We came then near the [Liffey River]. We spent a long time walking about the noisy streets flanked by high stone walls, watching the working of cranes and engines… It was noon when we reached the quay and as all the labourers seemed to be eating their lunches, we bought two big currant buns and sat down to eat them on some metal piping beside the river. We pleased ourselves with the spectacle of Dublin's commerce—the barges signaled from far away by their curls of woolly smoke, the brown fishing fleet beyond Ringsend, the big white sailing vessel which was being discharged on the opposite quay.
At the Liffey River they catch a ferry. Link: Some historic pictures of the ferry. It’s a smaller vessel, carrying people only, and this trip includes only five passengers, including the boys.
When we were tired of this sight we wandered slowly into Ringsend. The day had grown sultry, and in the windows of the grocers' shops musty biscuits lay bleaching. We bought some biscuits and chocolate which we ate sedulously as we wandered through the squalid streets where the families of the fishermen live. We could find no dairy and so we went into a huckster's shop and bought a bottle of raspberry lemonade each.
Their goal is the Pigeon House, which I discuss in the main analysis.
It was too late and we were too tired to carry out our project of visiting the Pigeon House. We had to be home before four o'clock lest our adventure should be discovered. Mahony looked regretfully at his catapult and I had to suggest going home by train before he regained any cheerfulness.
Images Source: ESB Archives
They had a long leg of their journey still ahead of them and decided, instead, to take the train back.

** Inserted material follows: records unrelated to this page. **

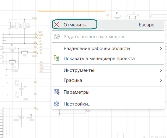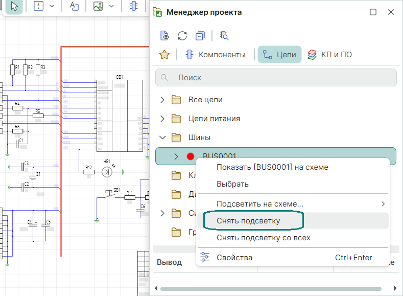 Чтобы снять подсветку, кликните в редакторе схемы по шине правой кнопкой мыши и из контекстного меню выберите пункт "Снять подсветку" или кликните в панели "Менеджер проекта" → "Цепи" по подсвеченной шине правой кнопкой мыши и из контекстного меню выберите пункт "Снять подсветку"(Рис. 6).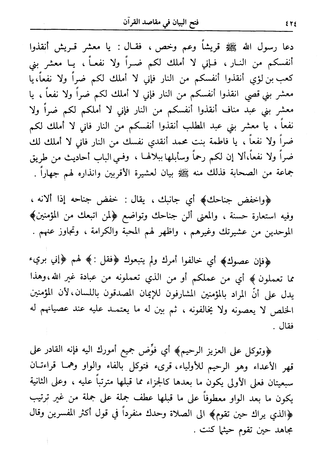 دعا رسول الله - صلى الله عليه وسلم - قريشاً وعم وخص، فقال: " يا معشر قريش أنقذوا أنفسكم من النار، فإني لا أملك لكم ضراً ولا نفعاً، يا معشر بني كعب بن لؤي أنقذوا أنفسكم من النار فإني لا أملك لكم ضراً ولا نفعاً، يا معشر بني قصي أنقذوا أنفسكم من النار فإني لا أملك لكم ضراً ولا نفعاً، يا معشر بني عبد مناف أنقذوا أنفسكم من النار فإني لا أملكم لكم ضراً ولا نفعاً، يا معشر بني عبد المطلب أنقذوا أنفسكم من النار فإني لا أملك لكم ضراً ولا نفعاً، يا فاطمة بنت محمد أنقدي نفسك من النار فإني لا أملك لك ضراً ولا نفعاً، ألا إن لكم رحماً وسأبلها ببلالها "، وفي الباب أحاديث من طريق جماعة من الصحابة فذلك منه - صلى الله عليه وسلم - بيان لعشيرة الأقربين وإنذاره لهم جهاراً.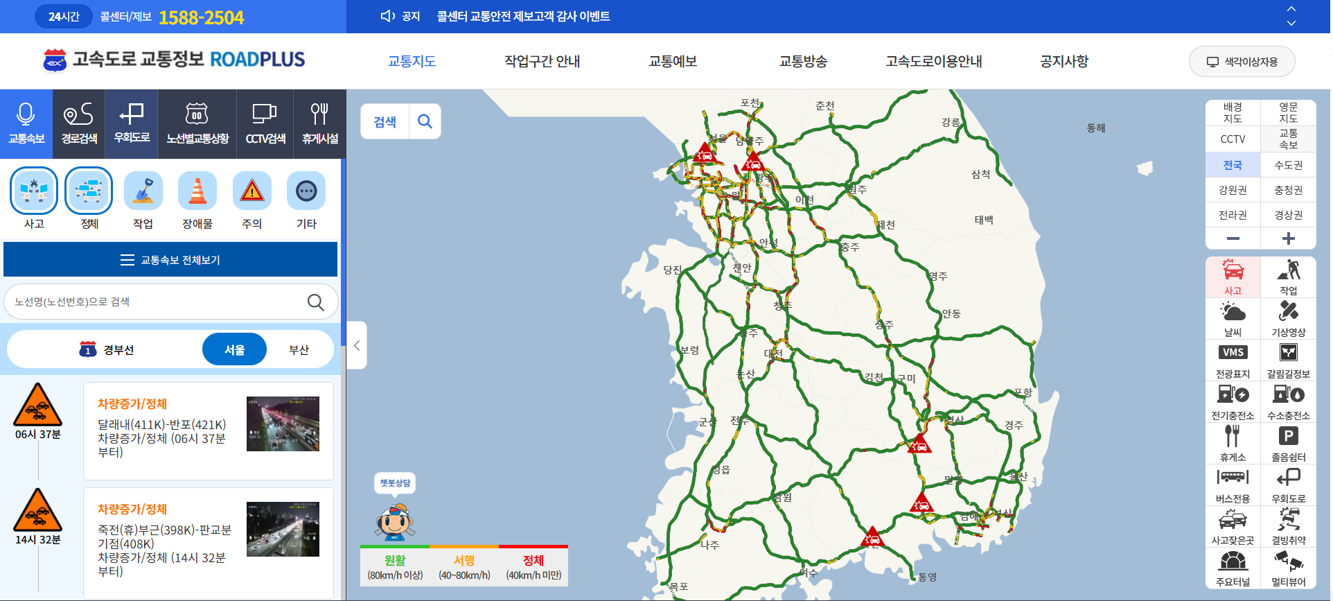 한국도로공사 공식 교통정보 포털인 ROADPLUS

Image source: joyceproject.com
There were originally big guns stationed at the end of the sea wall, but that wasn’t the Pigeon House. It’s located about halfway along the wall.
Image Source: Library of Congress
I wonder if in their minds, the Pigeon House retained the mythic quality of its military days, and if that fantasy would have been lost had they reached their intended end. They had a mind for adventure and dreams of the wild west and detective stories. They pursued a fortress and would have found a…

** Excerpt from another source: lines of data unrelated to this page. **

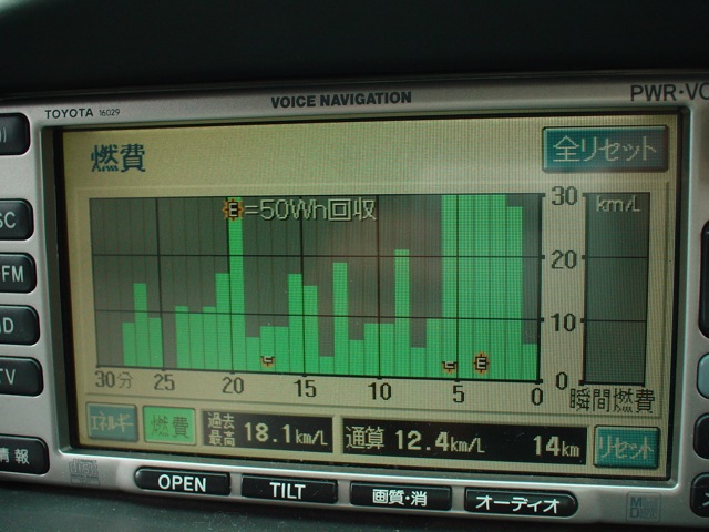 区間燃費:18.1km/L、所要時間24分、距離14kmと出ました!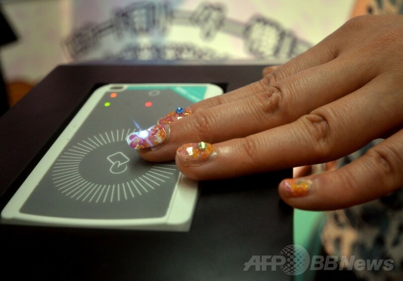 ルミデコネイルにはLEDと小型アンテナが付いている。NFC技術はおサイフケータイや基本ソフト(OS)アンドロイド(Android)を搭載したスマートフォン、スマートカードリーダー、ゲームコントローラーなどで使われている。(c)AFP
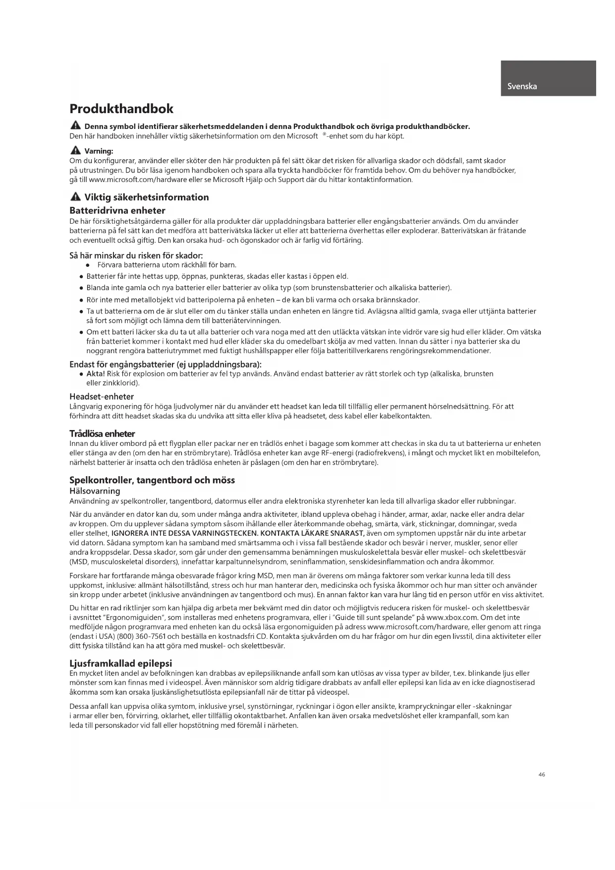 -enhet som du har köpt. Varning: Om du konfi gurerar, använder eller sköter den här produkten på fel sätt ökar det risken för allvarliga skador och dödsfall, samt skador på utrustningen. Du bör läsa igenom handboken och spara alla tryckta handböcker för framtida behov. Om du behöver nya handböcker, gå till www.microsoft.com/hardware eller se Microsoft Hjälp och Support där du hittar kontaktinformation. Viktig säkerhetsinformation Batteridrivna enheter De här försiktighetsåtgärderna gäller för alla produkter där uppladdningsbara batterier eller engångsbatterier används. Om du använder batterierna på fel sätt kan det medföra att batterivätska läcker ut eller att batterierna överhettas eller exploderar. Batterivätskan är frätande och eventuellt också giftig. Den kan orsaka hud- och ögonskador och är farlig vid förtäring. Så här minskar du risken för skador: ● Förvara batterierna utom räckhåll för barn. ● Batterier får inte hettas upp, öppnas, punkteras, skadas eller kastas i öppen eld. ● Blanda inte gamla och nya batterier eller batterier av olika typ (som brunstensbatterier och alkaliska batterier). ● Rör inte med metallobjekt vid batteripolerna på enheten – de kan bli varma och orsaka brännskador. ● Ta ut batterierna om de är slut eller om du tänker ställa undan enheten en längre tid. Avlägsna alltid gamla, svaga eller uttjänta batterier så fort som möjligt och lämna dem till batteriåtervinningen. ● Om ett batteri läcker ska du ta ut alla batterier och vara noga med att den utläckta vätskan inte vidrör vare sig hud eller kläder. Om vätska från batteriet kommer i kontakt med hud eller kläder ska du omedelbart skölja av med vatten. Innan du sätter i nya batterier ska du noggrant rengöra batteriutrymmet med fuktigt hushållspapper eller följa batteritillverkarens rengöringsrekommendationer. Endast för engångsbatterier (ej uppladdningsbara): ● Akta! Risk för explosion om batterier av fel typ används. Använd endast batterier av rätt storlek och typ (alkaliska, brunsten eller zinkklorid). Headset-enheter Långvarig exponering för höga ljudvolymer när du använder ett headset kan leda till tillfällig eller permanent hörselnedsättning. För att förhindra att ditt headset skadas ska du undvika att sitta eller kliva på headsetet, dess kabel eller kabelkontakten. Trådlösa enheter Innan du kliver ombord på ett fl ygplan eller packar ner en trådlös enhet i bagage som kommer att checkas in ska du ta ut batterierna ur enheten eller stänga av den (om den har en strömbrytare). Trådlösa enheter kan avge RF-energi (radiofrekvens), i mångt och mycket likt en mobiltelefon, närhelst batterier är insatta och den trådlösa enheten är påslagen (om den har en strömbrytare). Spelkontroller, tangentbord och möss Hälsovarning Användning av spelkontroller, tangentbord, datormus eller andra elektroniska styrenheter kan leda till allvarliga skador eller rubbningar. När du använder en dator kan du, som under många andra aktiviteter, ibland uppleva obehag i händer, armar, axlar, nacke eller andra delar av kroppen. Om du upplever sådana symptom såsom ihållande eller återkommande obehag, smärta, värk, stickningar, domningar, sveda eller stelhet, IGNORERA INTE DESSA VARNINGSTECKEN. KONTAKTA LÄKARE SNARAST, även om symptomen uppstår när du inte arbetar vid datorn. Sådana symptom kan ha samband med smärtsamma och i vissa fall bestående skador och besvär i nerver, muskler, senor eller andra kroppsdelar. Dessa skador, som går under den gemensamma benämningen muskuloskelettala besvär eller muskel- och skelettbesvär (MSD, musculoskeletal disorders), innefattar karpaltunnelsyndrom, seninfl ammation, senskidesinfl ammation och andra åkommor. Forskare har fortfarande många obesvarade frågor kring MSD, men man är överens om många faktorer som verkar kunna leda till dess uppkomst, inklusive: allmänt hälsotillstånd, stress och hur man hanterar den, medicinska och fysiska åkommor och hur man sitter och använder sin kropp under arbetet (inklusive användningen av tangentbord och mus). En annan faktor kan vara hur lång tid en person utför en viss aktivitet. Du hittar en rad riktlinjer som kan hjälpa dig arbeta mer bekvämt med din dator och möjligtvis reducera risken för muskel- och skelettbesvär i avsnittet ”Ergonomiguiden”, som installeras med enhetens programvara, eller i ”Guide till sunt spelande” på www.xbox.com. Om det inte medföljde någon programvara med enheten kan du också läsa ergonomiguiden på adress www.microsoft.com/hardware, eller genom att ringa (endast i USA) (800) 360-7561 och beställa en kostnadsfri CD. Kontakta sjukvården om du har frågor om hur din egen livsstil, dina aktiviteter eller ditt fysiska tillstånd kan ha att göra med muskel- och skelettbesvär. Ljusframkallad epilepsi En mycket liten andel av befolkningen kan drabbas av epilepsiliknande anfall som kan utlösas av vissa typer av bilder, t.ex. blinkande ljus eller mönster som kan fi nnas med i videospel. Även människor som aldrig tidigare drabbats av anfall eller epilepsi kan lida av en icke diagnostiserad åkomma som kan orsaka ljuskänslighetsutlösta epilepsianfall när de tittar på videospel. Dessa anfall kan uppvisa olika symtom, inklusive yrsel, synstörningar, ryckningar i ögon eller ansikte, krampryckningar eller -skakningar i armar eller ben, förvirring, oklarhet, eller tillfällig okontaktbarhet. Anfallen kan även orsaka medvetslöshet eller krampanfall, som kan leda till personskador vid fall eller hopstötning med föremål i närheten. Svenska47 Om du upplever något av dessa symptom ska du omedelbart sluta spela och uppsöka en läkare. Föräldrar ska hålla uppsikt över eller fråga sina barn om de upplevt något av ovan nämnda symptom – det är vanligare att barn och ungdomar drabbas av dessa anfall än vuxna. Du kan minska risken att drabbas av ljus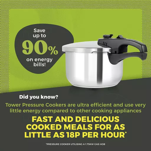 Because steam is infused into the food using pressure, cooking times are up to 70% quicker than other cooking methods. Â With reduced cooking time comes reduced energy consumption and Tower pressure cookers cost just 18p to run per hour when used with a 1.75kw gas hob

I was going to say “sewage processing and power generating facility”, but it didn’t become a generating station until 1902-3. It remained a fort until the late 19th century. By the time Joyce wrote the story, Pigeon House was in its first years as a power station. Our fictional adventurers had set out to see a city landmark on the brink of transition, much like the old west of the stories no longer really existed except in stories. The journey of our dreams is the adventure of a previous generation, and we are tourists among the spectacle of their decay.